По-иному, но в том же смысле ставит вопросы о добродетелях та канцона, которая должна была быть предметом четырнадцатого трактата: «Три женщины пришли раз к сердцу моему»— быть может, самая красивая из всех дантовых канцон. Три женщины — аллегорические: прямота, щедрость и умеренность пришли стучаться в сердце поэта, как в некий приют, ибо знали, что там обитала Любовь. И «женщины» стали жаловаться, что они не находят себе места, что их отовсюду гонят, что их преследуют. Одна особенно убита горем. Она — сама скорбь, и слова ее — излияние скорби. Она опирается на руку, как подрезанная в стебле роза. Обнаженная рука, опора печали, ощущает луч слезы, падающей из глаз. Другая рука прикрывает заплаканное лицо.
И поэт, гордый тем, что ему приходится делить горькую судьбу с добродетелями, объявляет, что изгнание — для него честь. Ведь и добродетели изгнаны тем обществом, которое изгнало его. Данте хочет, чтобы они нашли приют у тех, кто способен понять сокровенный смысл его стихов.
Рука людей не тронет пусть покров твой, о канцона,
Чтобы увидеть, что прекрасная скрывает донна…
Тем, кто преследует поэта, недоступны глубины его творчества. Но они могут быть доступны «князьям, баронам и рыцарям». И три добродетели, как и остальные, должны найти убежище именно у них: прямота, умеренность и щедрость. Особенно щедрость. Уже целых две канцоны Данте воспевают эту «добродетель». И поэту не кажется, что двух много. Ведь ему так было нужно, чтобы больше, больше цветов щедрости распустилось в сердцах его читателей.
Этих же читателей имел он в виду, когда набрасывал трактаты своего «Пира». Первый, мы знаем, является вступлением. В нем объясняется цель всего сочинения, его смысл и причины, почему он написан по-итальянски, а не по-латыни. Второй посвящен вопросам астрономии, говорит о девяти небесах, ищет соответствия между каждым небом и одной из наук, известных схоластической классификации (Луна — грамматика, Меркурий — диалектика, Венера — риторика и т. д.). И тут же доказывается бессмертие души. В третьем трактате излагается теория любви; а так как аллегорическая возлюбленная поэта не кто иная, как философия, то поются гимны философии и тому счастью, которое она дает любящим ее. Наиболее важный — четвертый трактат. Он самый большой: один занимает ровно столько места, сколько оба предыдущих. Предмет его, мы знаем, — благородство. Данте полемизирует с определением, данным благородству Фридрихом II Гоэнштауфеном, который говорил: «благородство — это владение богатством, исстари соединенное с изящным образом жизни». Данте решительно восстанет против этой формулы, утверждая, что богатство не может создать благородства, ибо оно низменно по самому своему существу. Рассматривая дальше другие формулы, он отвергает их одну за другой. Его собственное определение таково: «Итак, ясно, что это слово, благородство, означает в применении ко всем предметам совершенство их природы». Прилагая эту общую формулу к человеку, Данте развертывает целую систему этики, обильно подкрепляя свои рассуждения цитатами из классиков, античных и средневековых.
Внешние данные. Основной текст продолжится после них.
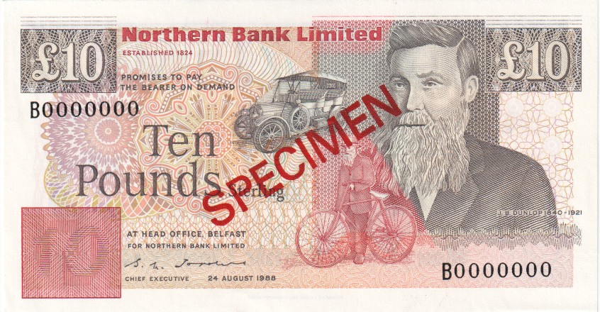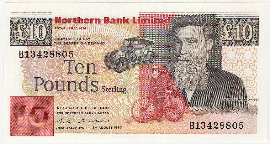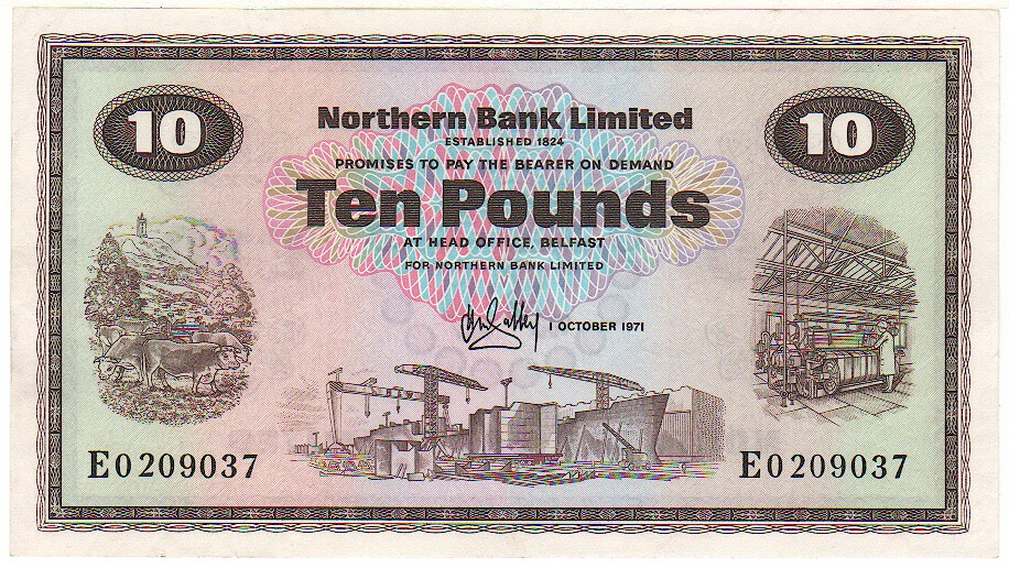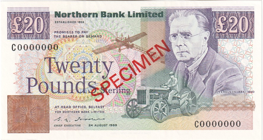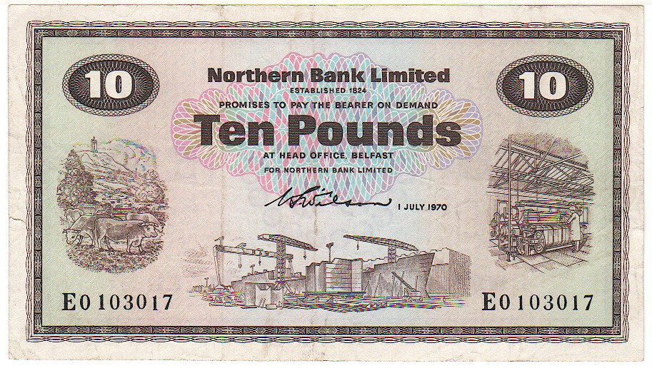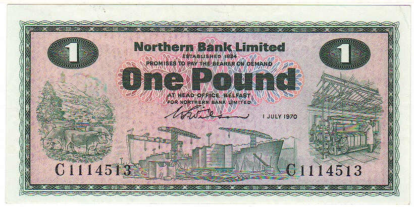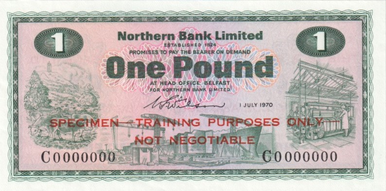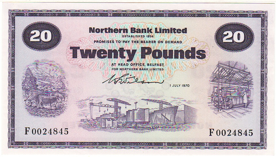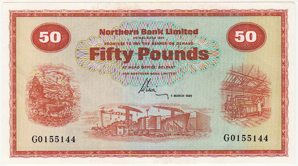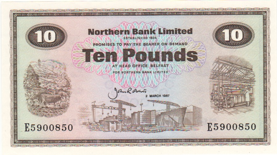 Image BYB ref. One Pound notes NI.601b 1 Pound 6. 5.1929Prefix N-I/B VF+ £95.00 NI.601b 1 Pound 1. 8.1929Prefix N-I/F aUNC £250.00 NI.602a 1 Pound 1. 7.1970Prefix C UNC £35.00 NI.602as 1 Pound 1. 7.1970Prefix C0000000 UNC £11.00 Specimen - Training note NI.602c 1 Pound 1. 8.1978Prefix C UNC £25.00 Five Pound notes NI.613c 5 Pounds 1.11.1943Prefix N-I/T aUNC £220.00 NI.613c 5 Pounds 1.11.1943Prefix N-I/T EF/aUNC £190.00 NI.613c 5 Pounds 1.11.1943Prefix N-I/T EF £160.00 NI.616s 5 Pounds 25.8.1988Prefix A0000000 UNC £140.00 Specimen note NI.617b 5 Pounds 1. 1.2000Prefix Y2K UNC £42.00 NI.617 are polymer notes, the last £5 notes issued by the northern Bank. Ten Pound notes NI.623g 10 Pounds 1.10.1968Prefix N-I/00 UNC £330.00 NI.624a 10 Pounds 1. 7.1970Prefix E F+/VF £55.00 NI.624a 10 Pounds 1. 7.1970Prefix E VF £50.00 Small ink annotation on the front NI.624b 10 Pounds 1.10.1971Prefix E aEF £90.00 NI.624b is a scarce variety with only 100,000 notes printed NI.624c 10 Pounds 1. 1.1975Prefix E UNC £125.00 NI.624c 10 Pounds 1. 1.1976Prefix E UNC £125.00 NI.624d 10 Pounds 1. 4.1982Prefix E aUNC £105.00 NI.624d 10 Pounds 1. 4.1982Prefix E EF £80.00 NI.624e 10 Pounds 2. 3.1987Prefix E aUNC £85.00 NI.624e 10 Pounds 2. 3.1987Prefix E EF £50.00 NI.625a 10 Pounds 24. 8.1990Prefix B aUNC £80.00 NI.625as 10 Pounds 24.8.1988Prefix B0000000 UNC £160.00 Specimen note NI.629 10 Pounds 9.11.2008Prefix GG UNC £40.00 NI.629 10 Pounds 30.11.2011Prefix GH UNC £40.00 Last prefix NI.629 10 Pounds 9.11.2008Prefix YY UNC £60.00 Replacement note NI.629 10 Pounds 9.11.2008Prefix YY VF+ £28.00 Replacement note Twenty Pound notes NI.632a 20 Pounds 1. 7.1970Prefix F UNC £490.00 NI.633a 20 Pounds 24. 8.1993Prefix C aU/UNC £175.00 NI.633as 20 Pounds 24.8.1989Prefix C0000000 UNC £200.00 Specimen note NI.634a 20 Pounds 24. 2.1997Prefix CA UNC £100.00 First prefix NI.634a 20 Pounds 24. 2.1997Prefix CB VF+ £28.00 Small 2mm tear in the top margin NI.636 20 Pounds 6.11.2006Prefix HG UNC £38.00 NI.636 20 Pounds 6.11.2006Prefix HH UNC £38.00 NI.636 20 Pounds 6.11.2006Prefix YY EF/aUNC £70.00 Replacement note NI.636 20 Pounds 6.11.2006Prefix YY VF+ £50.00 Replacement note NI.637 20 Pounds 15. 4.2009Prefix HH UNC £38.00 NI.637 20 Pounds 15. 4.2009Prefix YY EF/aUNC £70.00 Replacement note NI.637 20 Pounds 12. 5.2011Prefix HJ UNC £50.00 Last prefix before Danske Bank Fifty Pound notes NI.643c 50 Pounds 1. 3.1981Prefix G VF+ £240.00 NI.646 50 Pounds 19. 1.2005Prefix YY UNC £240.00 Replacement note One Hundred Pound notes NI.651 100 Pounds 2. 6.1919Prefix No. 5840 EF/aUNC £1,800.00 NI.653a 100 Pounds 1. 7.1970Prefix H VF+ £390.00 NI.656 100 Pounds 19. 1.2005Prefix YY EF £280.00 Replacement note Northern Bank Ltd SPECIMEN SET: NI.Specimen set 5,10, 20, 50, &100 1988, 1989, 1990Prefix A, B, C, D, E. UNC £960.00 NI.616s, NI.625as, NI.633as, NI.644s & NI.654S.

В общем «Пир» представляет собою попытку пропитать идеализмом основные представления о мире и главным образом о человеке, выработанные феодальной культурой. Книга обращается к феодальному обществу и с нарочитым презрением относится к тому, что является основою общества буржуазного, к богатству. Филиппиками против богатства наполнены несколько глав четвертого трактата. Что богатство низменно по своей природе, мы уже слышали. Можно владеть очень большим богатством и с очень давних пор, — это не дает благородства. Мало того. Богатство дается в руки любому, и дурному человеку легче стать богатым, чем хорошему. У кого богатство, тот становится жадным, у него появляется страх его утратить, забота, которой раньше не было. Накопление богатства в одних руках сопровождается лишениями и разорением для многих других. Богатство является источником зла. Оно уродует душу, отнимает у человека благодеяния щедрости. Мудрый не любит богатства и не огорчается, когда его теряет.
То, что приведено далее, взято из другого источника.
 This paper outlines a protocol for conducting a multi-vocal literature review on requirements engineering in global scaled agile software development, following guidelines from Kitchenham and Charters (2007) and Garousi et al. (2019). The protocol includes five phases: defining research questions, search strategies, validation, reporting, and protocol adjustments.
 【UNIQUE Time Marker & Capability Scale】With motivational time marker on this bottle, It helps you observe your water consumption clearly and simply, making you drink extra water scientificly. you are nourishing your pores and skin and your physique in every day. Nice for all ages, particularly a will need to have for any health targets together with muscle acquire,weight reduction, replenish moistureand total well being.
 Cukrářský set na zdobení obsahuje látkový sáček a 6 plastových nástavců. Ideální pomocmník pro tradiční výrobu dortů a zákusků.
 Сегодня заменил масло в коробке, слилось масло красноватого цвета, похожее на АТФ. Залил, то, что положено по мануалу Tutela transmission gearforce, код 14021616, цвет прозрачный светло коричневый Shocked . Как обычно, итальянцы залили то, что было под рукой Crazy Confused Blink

Так расценивает основную силу буржуазного общества горожанин и, что важно, флорентинец, Данте Алигиери. В каждой строке этих глав, особенно XI и XII, четвертого трактата чувствуется, как в нем клокочет гнев и обида против сограждан. Во всей книге нет другого места, которое было бы написано с большим темпераментом, чем эта филиппика против капитала. Феодальные бароны должны были читать ее с большим удовольствием и с большим удовлетворением.
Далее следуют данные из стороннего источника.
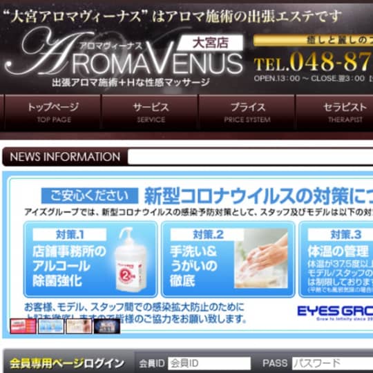 大宮のアロマヴィーナスは全国各地に7店舗以上のデリヘルや風俗エステを運営している「アイズグループ」のお店の内の1つです。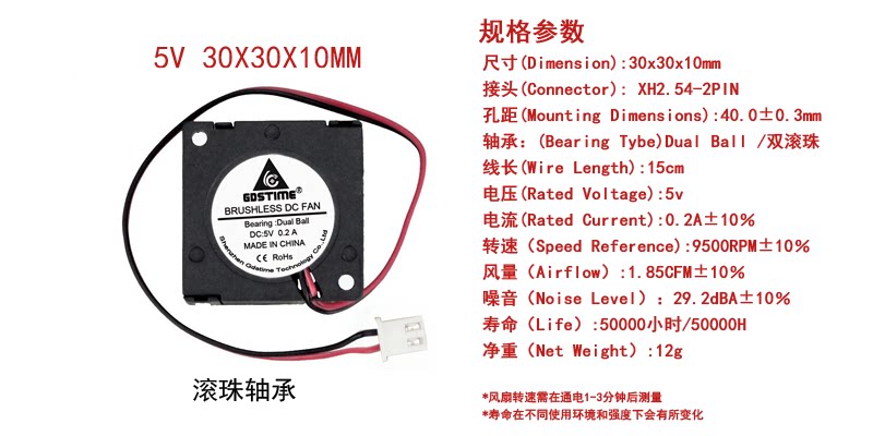 DC5v 30x30x10MM 3CM mini ultra-thin ball durable fan turbo blower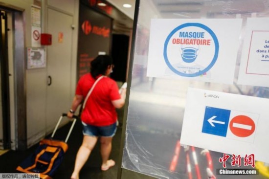 当地时间7月20日,由于法国一些地区新冠疫情出现反弹,法国开始执行强制要求民众在封闭公共场所佩戴口罩的法令。图为在巴黎的一家商店里,顾客戴着口罩进入。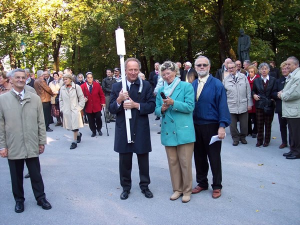 Schuloberinspektor Fritz Hager, der die Andacht mit Führung hervorragend durchführte / Generalvikar Mag.bJakob Bügler mit Ehrenpräsident Dr. Oskar Wötzer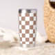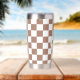 Schachbrett Quadrate mocha braunes weißes Retro Monogramm Insulated Tumbler. Gekreuztes geometrisches Retromuster Wasserflasche. Praktisches Geschenk für aktive Menschen. Cooles geometrisches rechteckiges Muster in Retro. Vintages Fliesen modernes Schachbrett.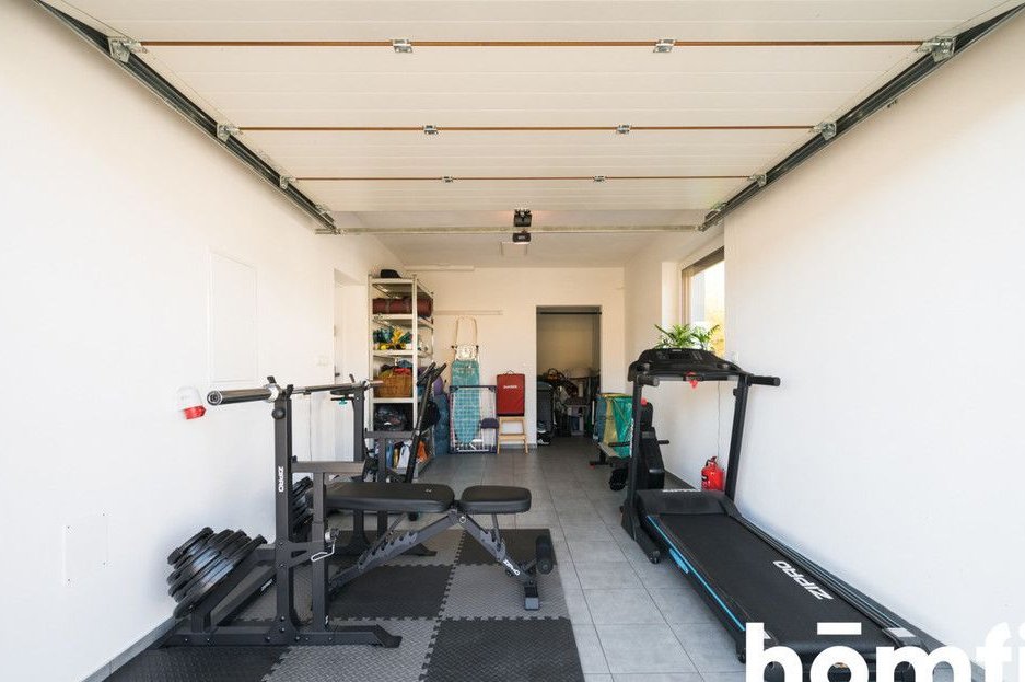 On the ground floor, you'll find a living room with large patio doors, a kitchenette with a long worktop connected to the living room and dining area, a bathroom with shower, washing machine, and dryer, a hall with a wardrobe and seating area, and access to the garage and boiler room. A wooden oak staircase leads to the first floor, where you'll find four well-arranged, bright rooms—ideal for bedrooms, children';s rooms, or a dream office for remote work—and a spacious bathroom with a window and a freestanding bathtub. The house also has an attic that can be used as additional storage space.

Таков и был замысел Данте. Этого именно он хотел. Написать нечто такое, что всем показало бы меру его таланта, удовлетворило бы «князей и баронов», огорчило бы горожан. Но получилось все-таки не совсем то, что он хотел. Вероятно, «князья и бароны» были довольны. Возможно, что флорентинцы были недовольны. И тем не менее Данте в «Пире» не стал человеком последовательной феодальной идеологии. И не стряхнул с себя отпечатков буржуазной культуры.
Это сказалось прежде всего в вопросе о языке.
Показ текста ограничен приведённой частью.